Егор с любопытством вгляделся в поблескивающие в полутьме глазки.
— Вы считаете нормальным заработать на гибели близких?
— А да, вы жених. Забыл. И что вы хотите?
— В показаниях Антона, приведенных в очерке, есть неясный момент. Как я понял, вы с ним разговаривали лично?
— И до и после вынесения приговора. Знали б вы, чего мне стоило этого добиться! Использовал все связи, надеялся расколоть убийцу, выслушать исповедь.
— Исповеди не было?
— Не было.
— Евгений Ильич, отвлекитесь от официальной версии. Вот перед вами человек. Вы знаете, что его ожидает скорая смерть. Как он вел себя? Что говорил?

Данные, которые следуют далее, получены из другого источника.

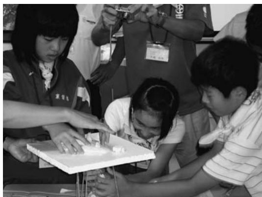
写真 3. 歯科印象材を使った成層火山の実験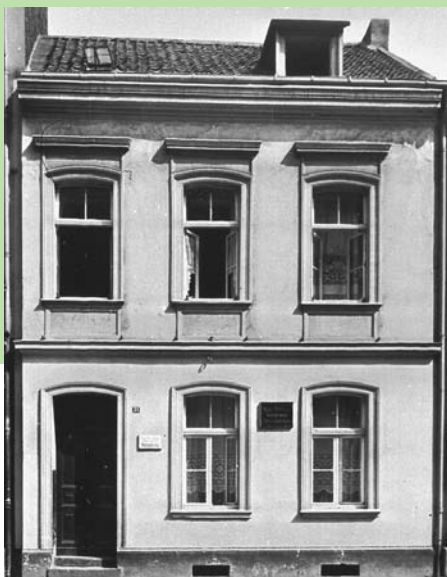
Keupstraße 51, 1926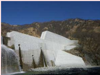
H29 松木川一号砂防堰堤改築工事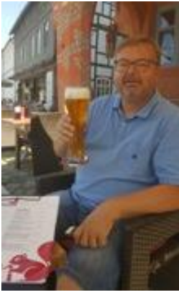
😊 HEDE 😊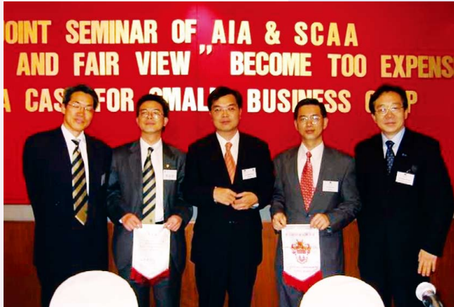
與國際會計師公會合辦研討會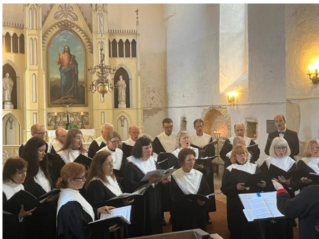
Tallinna Kaarli kiriku kontsertkoor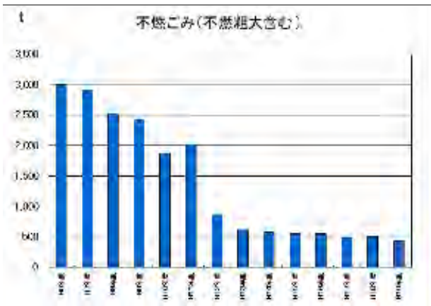
図1 筑後市における不燃ごみの推移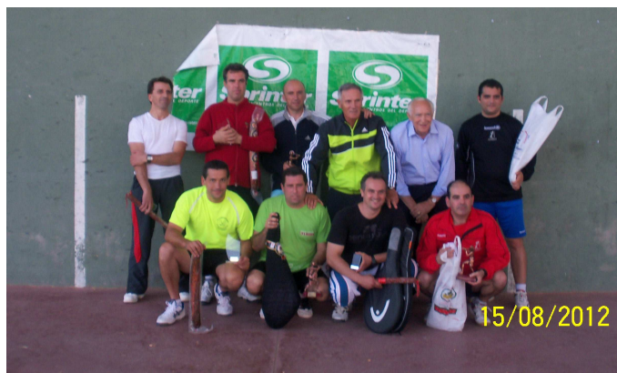
Foto de Grupo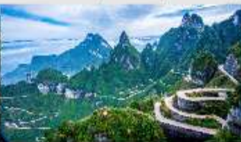
ถนน 99 โค้ง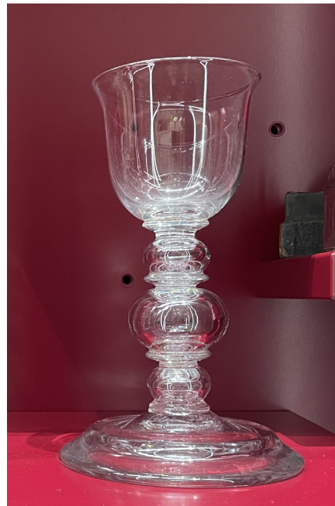
Calice, verre, 3 e quart du XVIII e siècle. Trésor, cathédrale Saint-Lazare, Autun.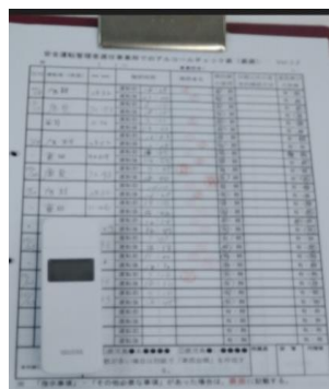
アルコール検知器と管理簿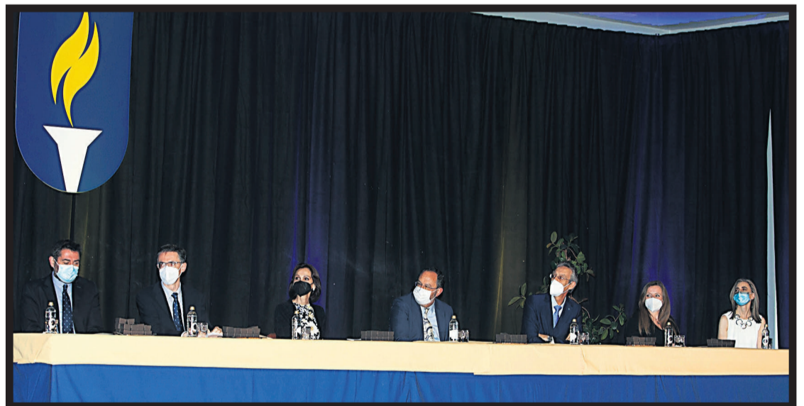
Mesa presidencial cuyos miembros se encargaron de entregar las insignias de plata del colegio a los 125 estudiantes

— Знаете, — после некоторого раздумья сказал Гросс, — если отвлечься от пошлого мотива преступления — карточный должок… пожалуй, я готов признать, что ваш Антоша — личность незаурядная.
— В чем это выражалось?
— В упрямстве. До самого конца не сломался, не признал себя виновным, что при таких уликах нелепо, безрассудно… но нельзя отказать в своеобразном мужестве.
— Евгений Ильич, вы не могли бы повторить то, что вам рассказывал Антон?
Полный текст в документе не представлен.